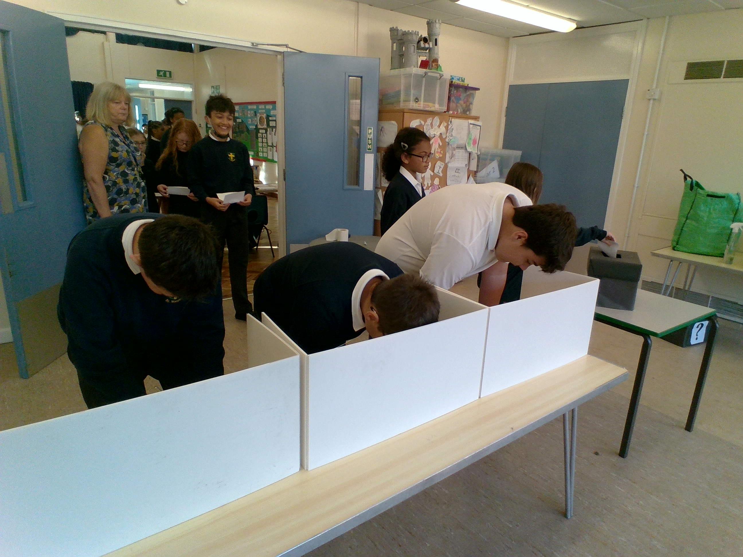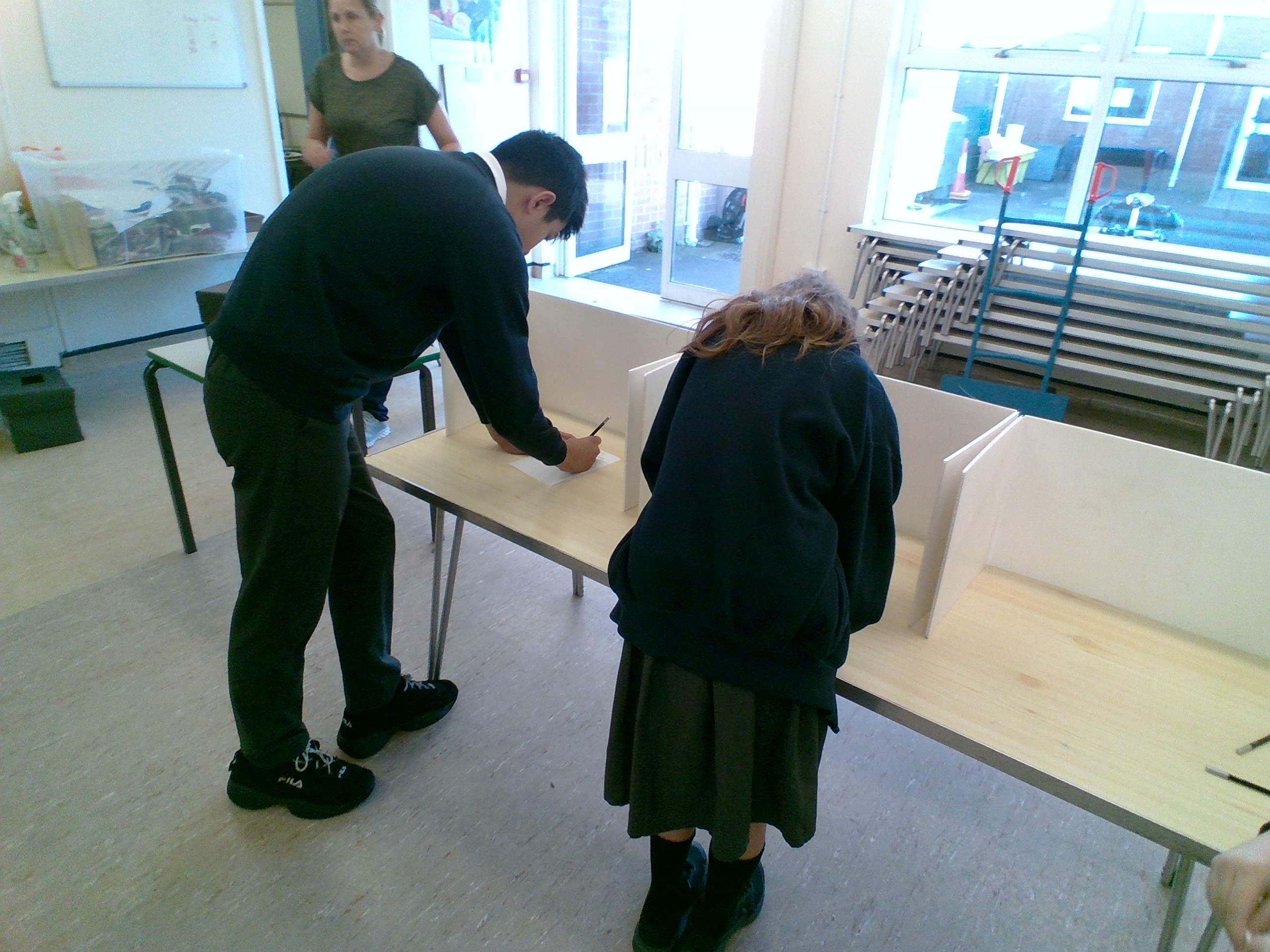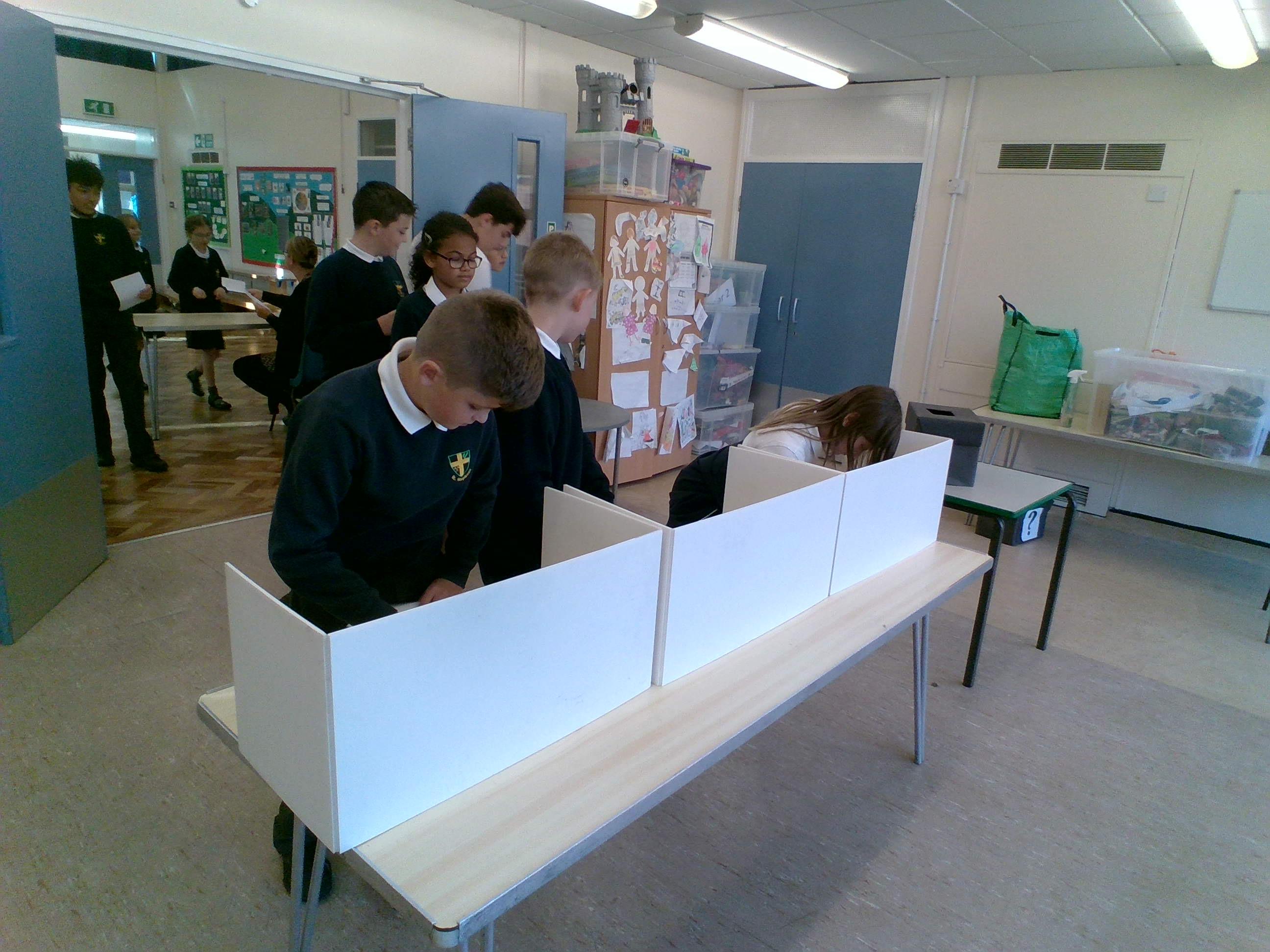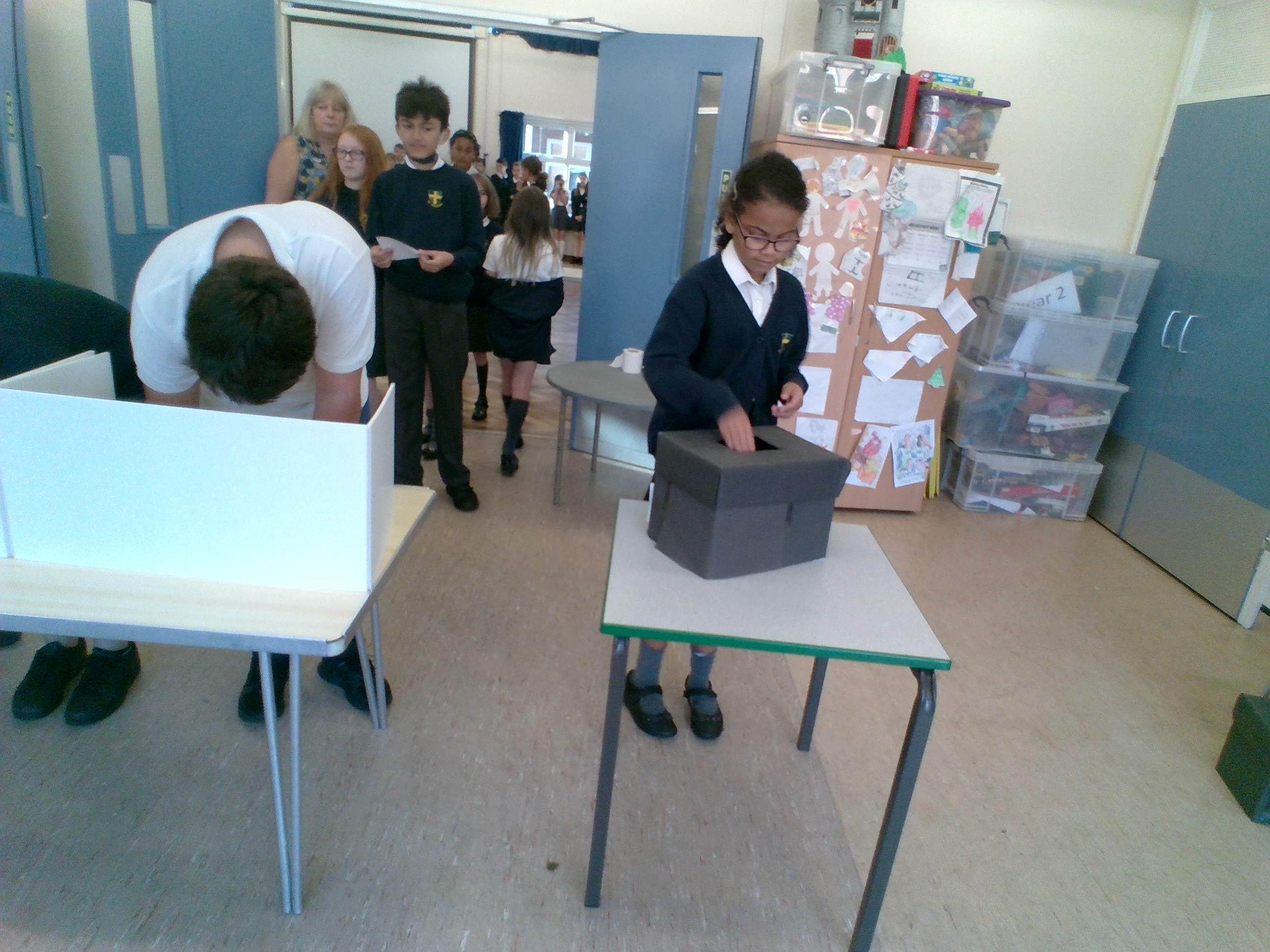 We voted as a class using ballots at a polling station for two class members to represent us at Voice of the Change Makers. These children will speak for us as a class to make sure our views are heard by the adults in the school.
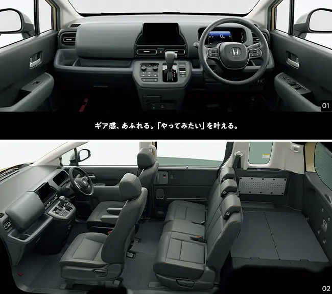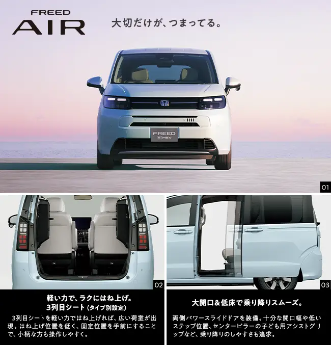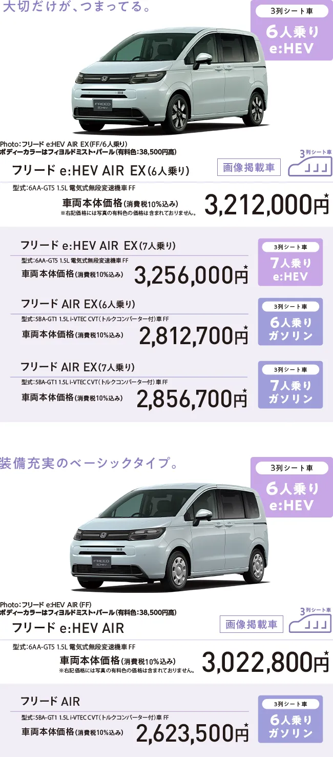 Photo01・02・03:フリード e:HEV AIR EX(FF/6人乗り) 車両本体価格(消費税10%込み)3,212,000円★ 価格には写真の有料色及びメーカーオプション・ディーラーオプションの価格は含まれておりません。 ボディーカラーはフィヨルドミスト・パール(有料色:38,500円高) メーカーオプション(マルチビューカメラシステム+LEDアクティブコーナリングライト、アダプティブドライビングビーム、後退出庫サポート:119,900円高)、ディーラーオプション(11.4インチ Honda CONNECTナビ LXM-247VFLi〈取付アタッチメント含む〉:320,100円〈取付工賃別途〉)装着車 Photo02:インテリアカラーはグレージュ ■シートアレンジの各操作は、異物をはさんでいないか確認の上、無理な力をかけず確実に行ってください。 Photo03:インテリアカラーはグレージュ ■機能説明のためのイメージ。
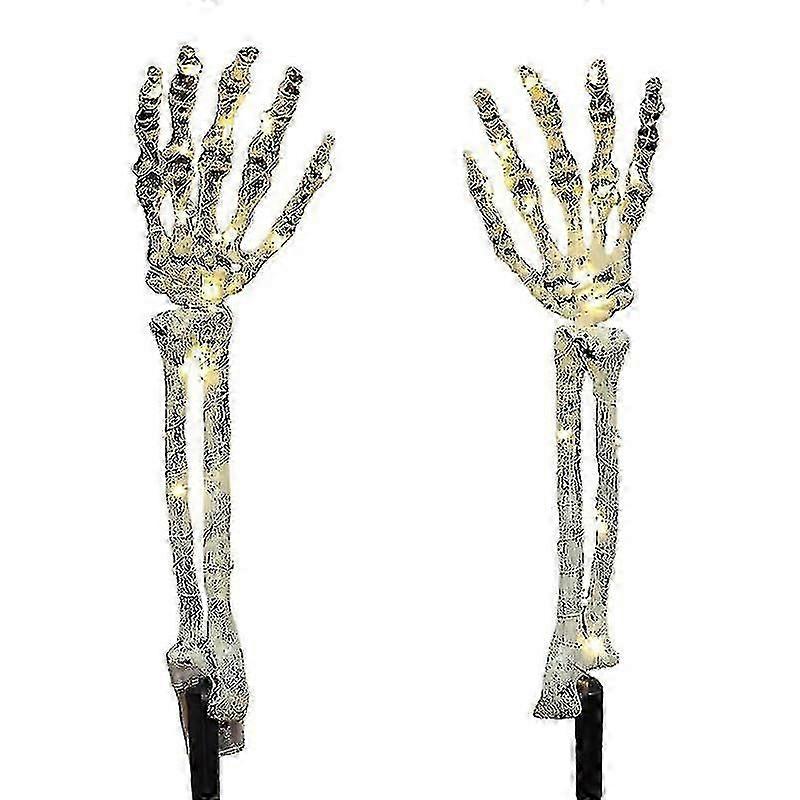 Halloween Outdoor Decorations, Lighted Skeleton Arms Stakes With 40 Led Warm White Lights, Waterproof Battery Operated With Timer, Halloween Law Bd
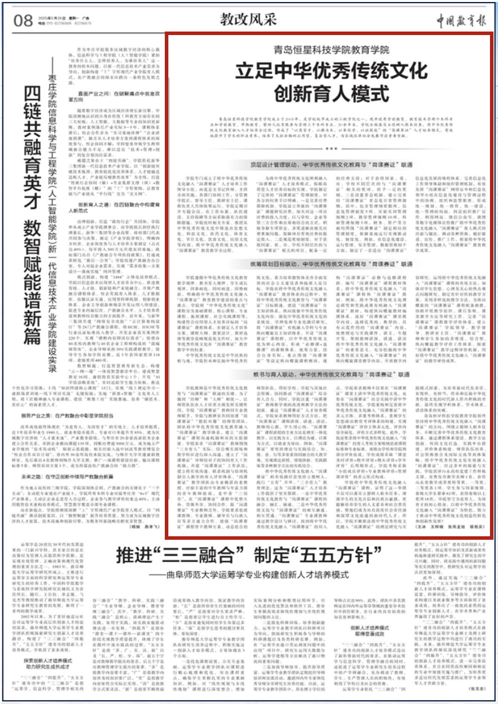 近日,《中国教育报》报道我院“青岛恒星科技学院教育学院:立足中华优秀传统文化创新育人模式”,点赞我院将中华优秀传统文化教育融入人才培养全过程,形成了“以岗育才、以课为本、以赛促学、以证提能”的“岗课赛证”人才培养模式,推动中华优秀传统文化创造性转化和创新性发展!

########

▶ [INSTRUCTIONS TO FOLLOW]:
Retype exactly the lines above, starting at the line containing "Halloween Outdoor Decorations, Lighted" and ending with the last line, both included; leave out the pictures.

▶ [TASK SOLUTION]:
 Halloween Outdoor Decorations, Lighted Skeleton Arms Stakes With 40 Led Warm White Lights, Waterproof Battery Operated With Timer, Halloween Law Bd
 近日,《中国教育报》报道我院“青岛恒星科技学院教育学院:立足中华优秀传统文化创新育人模式”,点赞我院将中华优秀传统文化教育融入人才培养全过程,形成了“以岗育才、以课为本、以赛促学、以证提能”的“岗课赛证”人才培养模式,推动中华优秀传统文化创造性转化和创新性发展!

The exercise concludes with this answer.